(Task goal): Please write out the full listing beneath this line exactly, skipping its images.

(Given information):
__________________________________________________

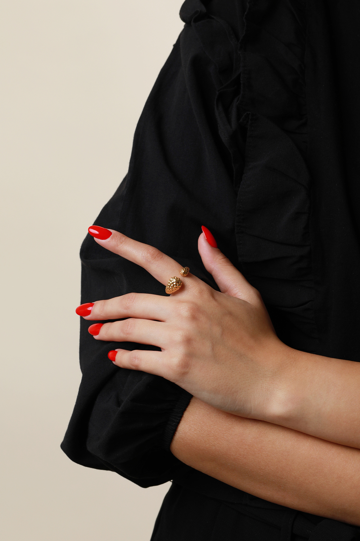 Inel din Stainless Steel Marizzo Asymmetric Gold placat cu aur galben de 18k, placare standard de 0.6 microni. Circumferinta inelului este de 54 mm si nu se poate ajusta.
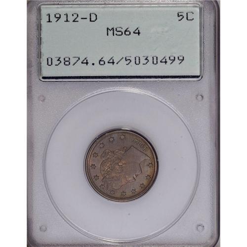 <B>1912-D<5C> MS64 PCGS.</B></I> The satin-like surfaces are covered in deep hues of pinkish-golden and blue toning. A popular issue as it is the most affordable mintmarked Liberty nickel. <BR><BR><B>Important notice:</B> Heritage usually auctions material at the rate of 200-250 lots per hour. On some occasions eBay Live bid software or the Internet may not be able to keep up with the pace of the auction. We recommend placing a realistic absentee bid now as insurance to avoid disappointment. Occasionally the auctioneer may eliminate or reject an eBay Live bid, and the auctioneer may also reopen a lot after the close of the eBay live bidding (usually because we missed an audience bid), and may reject your bid even if it shows you as the winning bidder. By bidding via eBay Live, you agree that Heritage may award the lot to another bidder at its sole discretion under the circumstances described above or any other reasonable circumstances. Since eBay bids are not shown to us until we open the lot on the floor, we treat those bids just like floor bids. In most cases the floor responds before the eBay bid is presented to us, due to Internet lag time, so for consistency we have made it a policy that floor bids are always considered first over tie eBay live bids. Also please note that all Heritage lots purchased through eBay Live carry a 20% Buyer's Premium. Please make sure you read the Terms and Conditions before you bid. This lot is being auctioned in conjunction with a live floor auction by Heritage Galleries & Auctioneers. All final auction and invoice information will be supplied by Heritage Galleries & Auctioneers, and all other information should be considered preliminary. Lot:966 <BR><BR><B>Winning Notification and Billing:</B> After the FINAL session in this auction is complete, Heritage will send e-mail and snail mail invoices. This process normally takes several days. All final auction and invoice information will be supplied by Heritage Galleries & Auctioneers, and all other information should be considered preliminary. <BR><BR>This auction will be conducted on a live auction floor and over the Internet through eBay Live. If you choose to place an absentee bid, please take a moment to <font color='#0000ff'><u><a href='http://pages.ebay.com/liveauctions/help/before/laabsentee.html'>learn how eBay Live absentee bidding works</a></u></font><font color='#000000'>
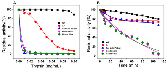 To assess the effect of the mutations on protein stability, proteolytic susceptibility assays were performed with trypsin digestion protease in the absence or presence of physiological NADP+ concentration (10 µM). As seen in Figure 11A, when the three single natural variants and the double mutant were incubated with trypsin at different concentrations, all four variants became more susceptible to trypsin digestion, compared with the native enzyme (Figure 11A). The most susceptible variants were G6PD San Luis Potosi, G6PD Guadalajara and the double mutant G6PD Mount Sinai, where 100% of the initial activity was lost when the enzyme was incubated with 0.03 mg/mL of trypsin (6 units); the G6PD A+ variant showed more resistance to the trypsin digestion, losing 100% when it was incubated with 0.1 mg/mL of trypsin (19 units). It is interesting to note that at the same concentration of trypsin, WT G6PD showed residual activity of 100% as expected. These results indicate that the three single natural variants and the double mutant displayed high susceptibility to trypsin digestion compared to the native enzyme.

__________________________________________________

(Solution to the problem):
 Inel din Stainless Steel Marizzo Asymmetric Gold placat cu aur galben de 18k, placare standard de 0.6 microni. Circumferinta inelului este de 54 mm si nu se poate ajusta.
 <B>1912-D<5C> MS64 PCGS.</B></I> The satin-like surfaces are covered in deep hues of pinkish-golden and blue toning. A popular issue as it is the most affordable mintmarked Liberty nickel. <BR><BR><B>Important notice:</B> Heritage usually auctions material at the rate of 200-250 lots per hour. On some occasions eBay Live bid software or the Internet may not be able to keep up with the pace of the auction. We recommend placing a realistic absentee bid now as insurance to avoid disappointment. Occasionally the auctioneer may eliminate or reject an eBay Live bid, and the auctioneer may also reopen a lot after the close of the eBay live bidding (usually because we missed an audience bid), and may reject your bid even if it shows you as the winning bidder. By bidding via eBay Live, you agree that Heritage may award the lot to another bidder at its sole discretion under the circumstances described above or any other reasonable circumstances. Since eBay bids are not shown to us until we open the lot on the floor, we treat those bids just like floor bids. In most cases the floor responds before the eBay bid is presented to us, due to Internet lag time, so for consistency we have made it a policy that floor bids are always considered first over tie eBay live bids. Also please note that all Heritage lots purchased through eBay Live carry a 20% Buyer's Premium. Please make sure you read the Terms and Conditions before you bid. This lot is being auctioned in conjunction with a live floor auction by Heritage Galleries & Auctioneers. All final auction and invoice information will be supplied by Heritage Galleries & Auctioneers, and all other information should be considered preliminary. Lot:966 <BR><BR><B>Winning Notification and Billing:</B> After the FINAL session in this auction is complete, Heritage will send e-mail and snail mail invoices. This process normally takes several days. All final auction and invoice information will be supplied by Heritage Galleries & Auctioneers, and all other information should be considered preliminary. <BR><BR>This auction will be conducted on a live auction floor and over the Internet through eBay Live. If you choose to place an absentee bid, please take a moment to <font color='#0000ff'><u><a href='http://pages.ebay.com/liveauctions/help/before/laabsentee.html'>learn how eBay Live absentee bidding works</a></u></font><font color='#000000'>
 To assess the effect of the mutations on protein stability, proteolytic susceptibility assays were performed with trypsin digestion protease in the absence or presence of physiological NADP+ concentration (10 µM). As seen in Figure 11A, when the three single natural variants and the double mutant were incubated with trypsin at different concentrations, all four variants became more susceptible to trypsin digestion, compared with the native enzyme (Figure 11A). The most susceptible variants were G6PD San Luis Potosi, G6PD Guadalajara and the double mutant G6PD Mount Sinai, where 100% of the initial activity was lost when the enzyme was incubated with 0.03 mg/mL of trypsin (6 units); the G6PD A+ variant showed more resistance to the trypsin digestion, losing 100% when it was incubated with 0.1 mg/mL of trypsin (19 units). It is interesting to note that at the same concentration of trypsin, WT G6PD showed residual activity of 100% as expected. These results indicate that the three single natural variants and the double mutant displayed high susceptibility to trypsin digestion compared to the native enzyme.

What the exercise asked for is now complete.